*Given records*:
>>
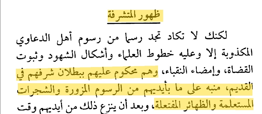 ▪︎و يكشف لنا #المؤرخ_الزياني حقيقة ما آل اليه تزوير الشرف و ادخال من لا شرف له في الاشراف حتى صارت الرعية كلها من الاشراف، فيقول ابو القاسم عن ظهور هؤلاء :"" لكنك لا تكاد تجد رسما من رسوم أهل الدعاوي #المكذوبة إلا وعليه خطوط العلماء وأشكال الشهود وثبوت القضاة، وإمضاء النقباء، وهم محكوم عليهم #ببطلان_شرفهم في القديم، منبه على ما بأيديهم من الرسوم المزورة والشجرات المستعلمة والظهائر المفتعلة""!!
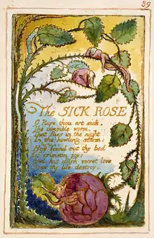 The Sick Rose is a poem by William Blake. The poem mentions through the symbols of the rose and the worm, how intense experience preys upon unpolluted innocence. The first publication was in 1794, when it was included in his collection titled Songs of Experience as the 39th plate. The incipit of the poem is O Rose thou art sick. Blake composed the page sometime after 1789, and presents it with the illuminated border and illustrations that were typical of his self publications. Most aspects of the original production were undertaken by the author; the composition of the poem and design, engraving, and promotion of the work. The printing was usually done by Blake's wife, Catherine, as well as any colouring not performed by Blake himself.[1]
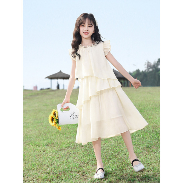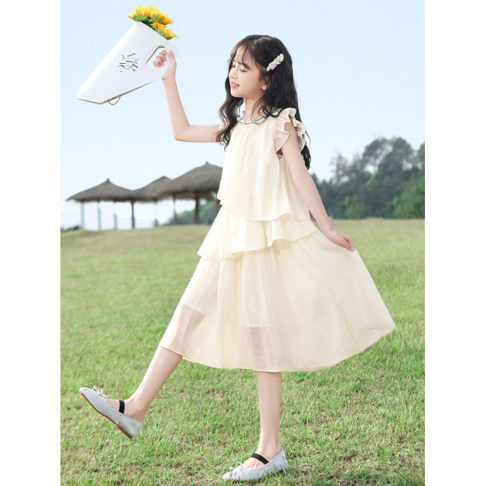 女童連衣裙夏裝2025新款兒童洋氣雪紡公主裙子大童夏季蛋糕沙灘裙
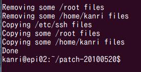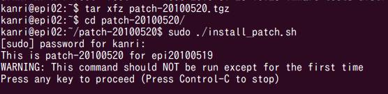 つぎにパッチをあてます.epi20100519.zipをDVDに焼いた後に,いろいろ細かい修正が必要になってしまったからです.ここだけ該当ノードのホスト名をepi00ではなく,epi02とします.
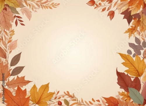 Elegant Floral Border Design with Autumn Leaves on a Light Background with Copy Space
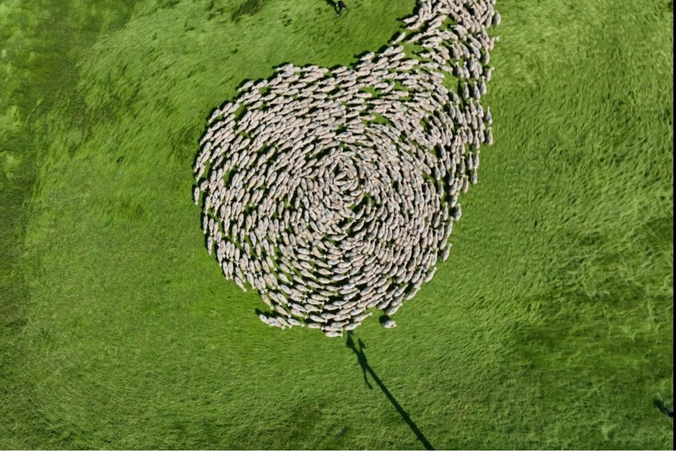 Gökyüzünden kaydedilen bu etkileyici kareler, doğayla uyum içinde sürdürülen hayvancılığın adeta görsel bir şölene dönüştüğünü ortaya koydu. Yaklaşık 20 bin küçükbaş hayvanın meralarda otlatıldığı işletmede, çobanların yönlendirmesiyle sürünün sergilediği uyumlu ve senkronize hareketler izleyenleri büyüledi. Özellikle çobanların kontrolüyle oluşan dairesel düzen, havadan bakıldığında adeta doğanın içinde sergilenen bir dans performansı gibi göründü.
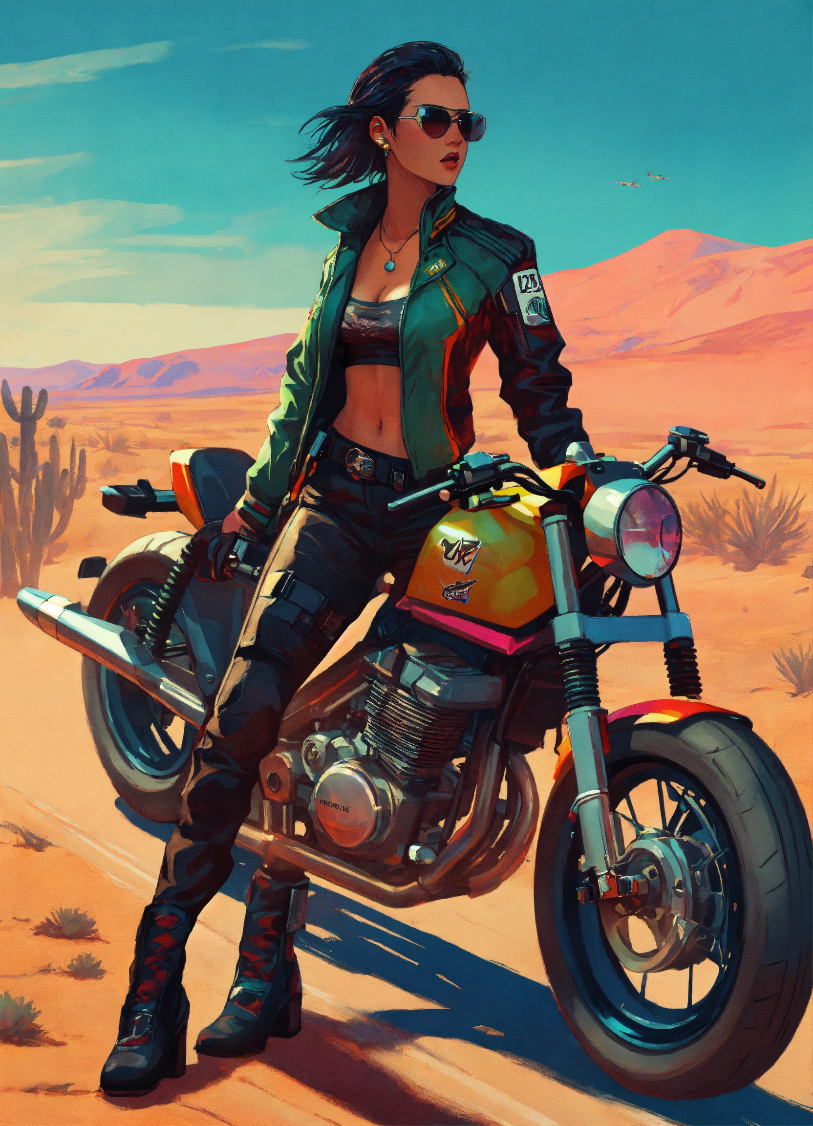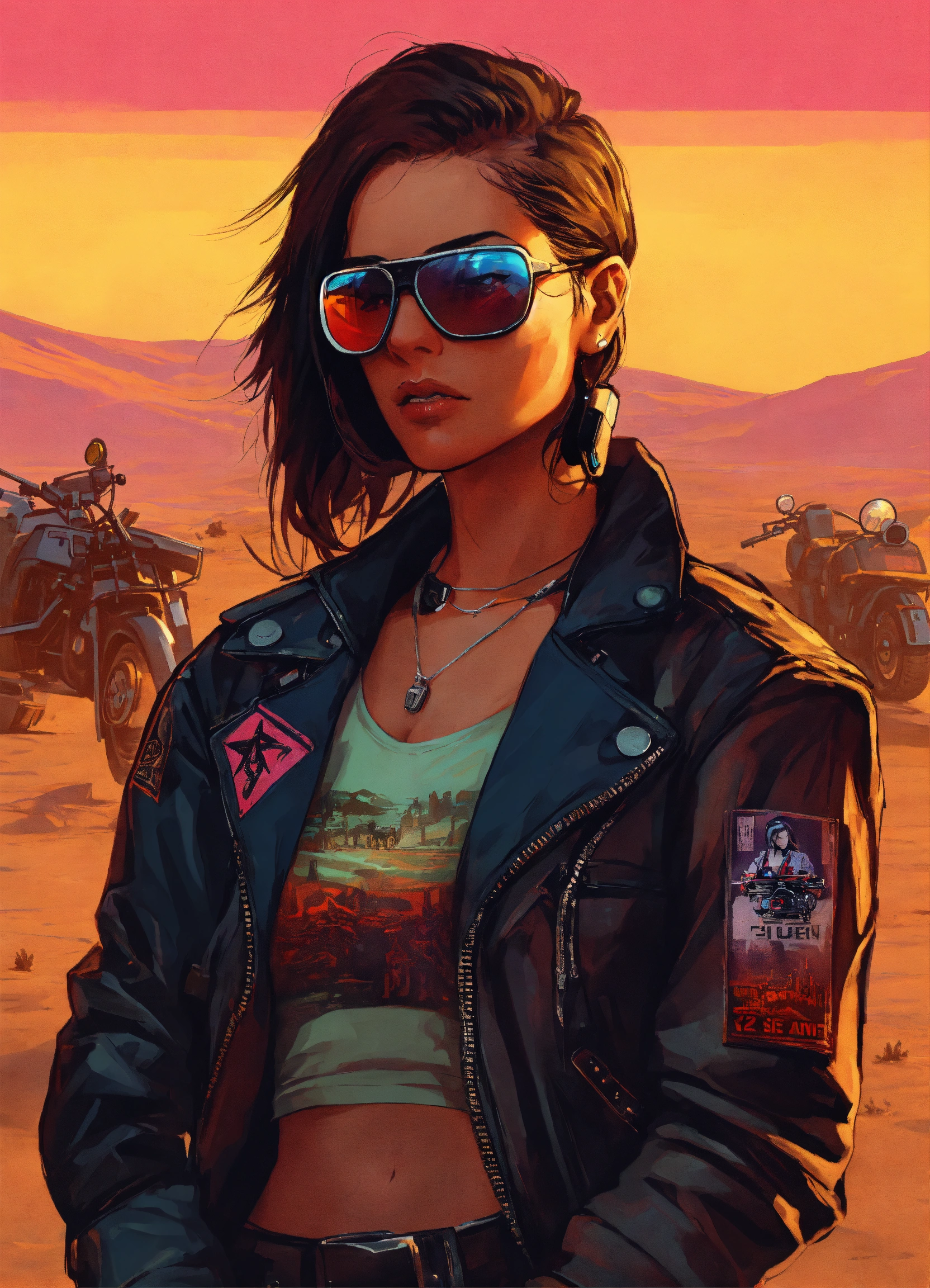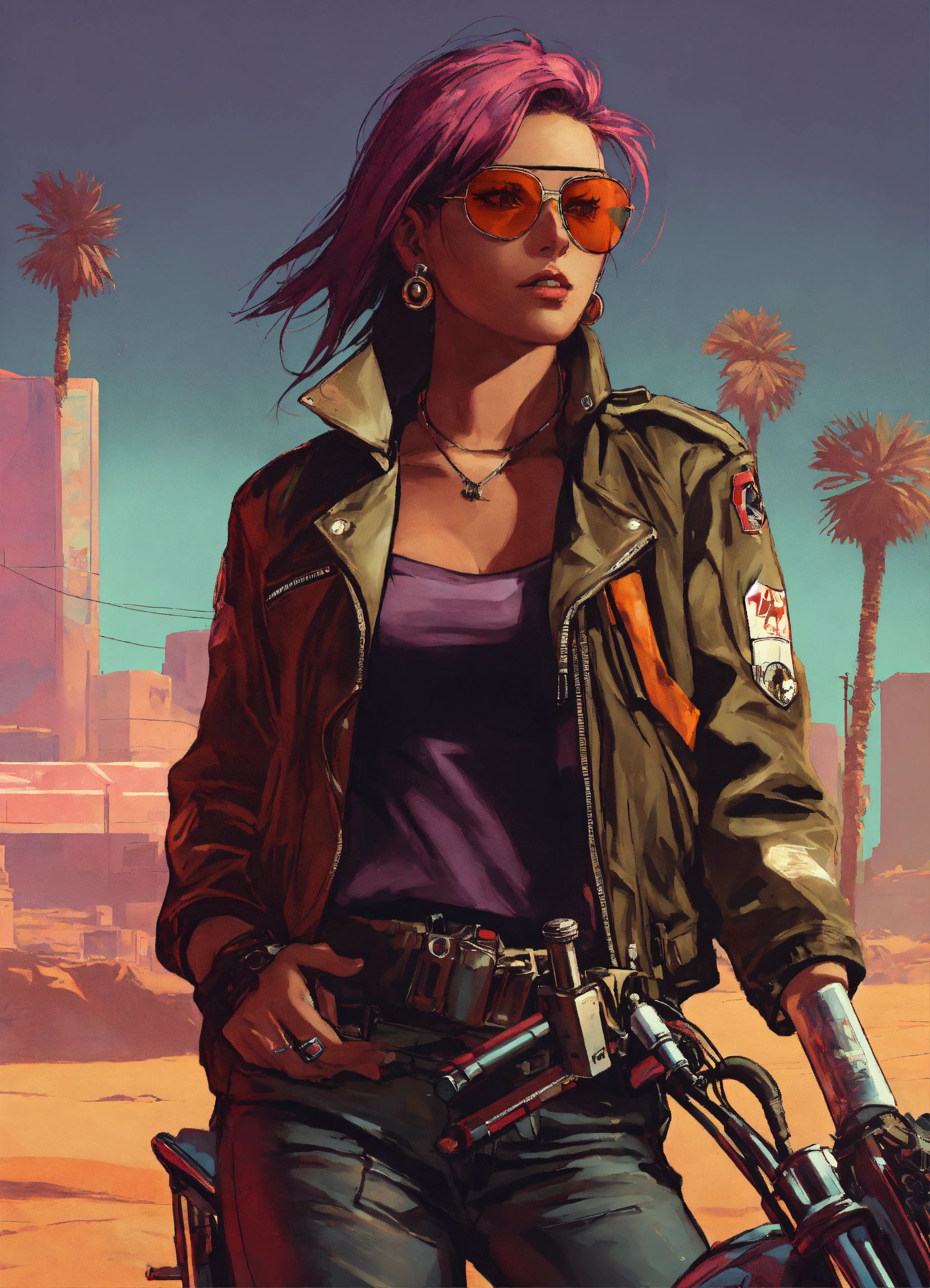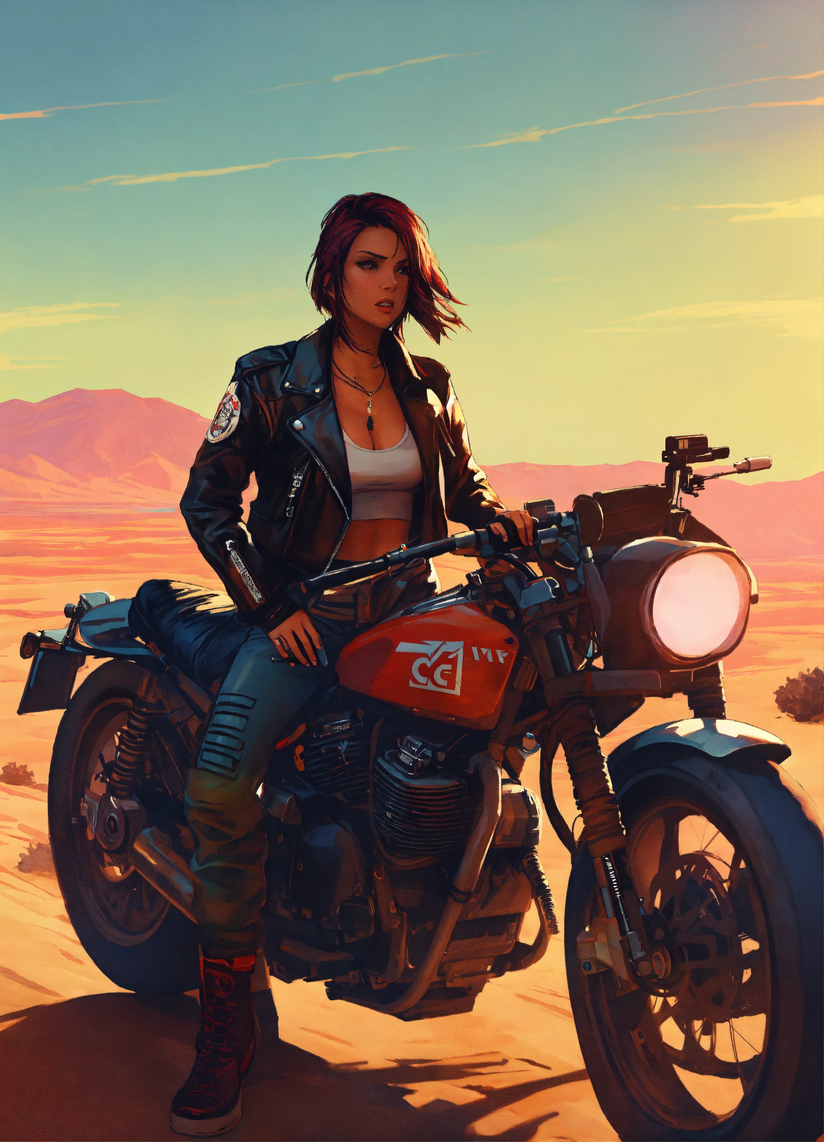 Female cyberpunk early 20's motorcycle gang member naive but tough in a jacket in a desert gta poster art style
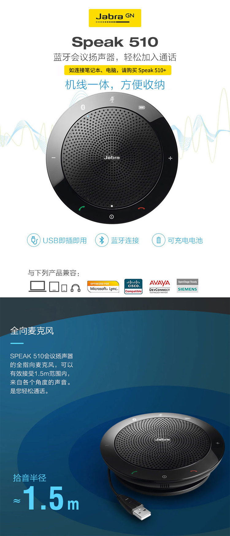商品名称:☆捷波朗 JABRA SPEAK410MS 视频会议麦克风/扬声器
<<
*Task item*: I'd like the lines above repeated exactly, from the one that contains "女童連衣裙夏裝2025新款兒童洋氣雪紡公主裙子大童夏季蛋糕沙灘裙" through the one that contains "Elegant Floral Border", with no pictures.

*Solution for this problem*:
 女童連衣裙夏裝2025新款兒童洋氣雪紡公主裙子大童夏季蛋糕沙灘裙
 つぎにパッチをあてます.epi20100519.zipをDVDに焼いた後に,いろいろ細かい修正が必要になってしまったからです.ここだけ該当ノードのホスト名をepi00ではなく,epi02とします.
 Elegant Floral Border Design with Autumn Leaves on a Light Background with Copy Space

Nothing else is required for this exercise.